Saturday, June 13, 2009

Inilah Batasnya

Sudah lama aku tidak menulis. Gabungan dari pekerjaan di meja dan laptopku bertumpuk, masalah di kepalaku yang menimbun, dan penyakit malas yang tak kunjung sembuh. Lagi pula, setiap kali aku ingin menulis, lebih sering kesedihan dan rasa rindu yang menggunung yang ingin kutulis. Menuliskan semua itu malah membuat semua rasa tadi tambah bergulung-gulung, dan bukan mereda. Belakangan, sulit sekali rasanya memandang hidup dengan sudut pandang yang lain, yang berbeda dengan apa yang dapat dilihat oleh mata jasmani. Entah mengapa, hati dan kepalaku menjadi tumpul dan hari-hari berlalu begitu saja, persis seperti kehidupan paling rendah yang bisa aku bayangkan.
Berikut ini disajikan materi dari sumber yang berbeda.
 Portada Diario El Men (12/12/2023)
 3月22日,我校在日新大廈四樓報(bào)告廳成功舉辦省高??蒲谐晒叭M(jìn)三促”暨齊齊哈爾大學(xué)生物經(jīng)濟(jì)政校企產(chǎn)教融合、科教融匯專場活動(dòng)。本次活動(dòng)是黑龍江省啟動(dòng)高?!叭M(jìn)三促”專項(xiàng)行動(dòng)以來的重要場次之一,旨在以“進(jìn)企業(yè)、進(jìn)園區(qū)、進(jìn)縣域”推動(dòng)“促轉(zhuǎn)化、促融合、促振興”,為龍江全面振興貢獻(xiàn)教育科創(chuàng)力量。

Berjuta kali aku menggerutu, "it's already beyond my limits.." Dan entah berapa kali aku menggugat Yang Maha Tinggi. Yah, menggugat berapa besar Dia mengerti batas kekuatanku. Baru sekarang, akhirnya, aku bisa melihat lebih jelas. Dia tahu persis batas kemampuanku, bahkan lebih dari diriku sendiri (yeah, ini kalimat klise, tapi biar aku coba gambarkan lebih lanjut).

Hasil analisisku sendiri tentang hari-hariku belakangan ini dan caraku menghadapinya adalah bahwa selama ini semuanya memang sudah mendekat batas kekuatanku. Mendekati, tapi belum melewati. Jadi, dengan lebih keras berusaha, dengan lebih banyak bersabar, dan dengan lebih tekun berdoa, seharusnya aku bisa melewati semuanya dengan baik. Seharusnya. Tapi, seperti yang selalu terjadi, aku bukannya berusaha lebih keras, aku malah lebih sering naik pitam, dan aku malah mogok berdoa. Kesimpulannya, aku gagal dalam ujian hidupku kali ini, dan sepertinya harus mengulang sekali lagi (setelah begitu banyak kali mengulang pelajaran hidup yang itu-itu juga).
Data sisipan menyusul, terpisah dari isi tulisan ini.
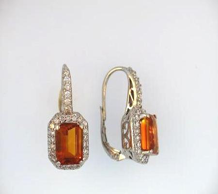 14k White Gold Emerald Cut Orange Citrine and Diamond Earrings A36042

Yang membuat aku terpana adalah, dengan semua kegagalanku memahami dan bereaksi pada kejadian-kejadian yang mendekati batas kekuatanku tadi, Pribadi Yang Baik itu tak pernah, dan aku ulangi, tak pernah putus asa dan tak pernah menyerah melimpahiku dengan kebaikan. Ketika aku hampir menyerah (dan nyatalah bahwa itulah batas kekuatanku), selalu terjadi sesuatu yang membuatku bangkit dan berjuang lagi. Selalu terjadi sesuatu yang membuatku teringat pada betapa besar kasih sayang yang telah dan akan selalu dicurahkan bagiku. Selalu terjadi sesuatu yang membuatku merasa bahwa diriku bukan terhukum, tapi pewaris, walaupun mungkin aku hanyalah pewaris pada strata terendah. Selalu terjadi sesuat yang membuatku bertanya, "Mengapa selalu datang kebaikan pada diriku?"

Seorang sahabat terkasih pernah memberitahuku betapa dia mempelajari apa itu kasih karunia dari kehidupanku. Dia belajar bahwa kasih Allah dicurahkan bukan karena kehebatan, kepintaran, atau kebaikan seseorang tapi hanya karena kasih-Nya terlalu besar untuk tidak dicurahkan pada anak-anak-Nya. Memang seperti itulah. Aku tak pernah dan tak yakin akan bisa jadi orang hebat, orang pintar, apalagi orang baik. Tapi aku tak pernah berhenti menerima kasih yang tak terbatas itu.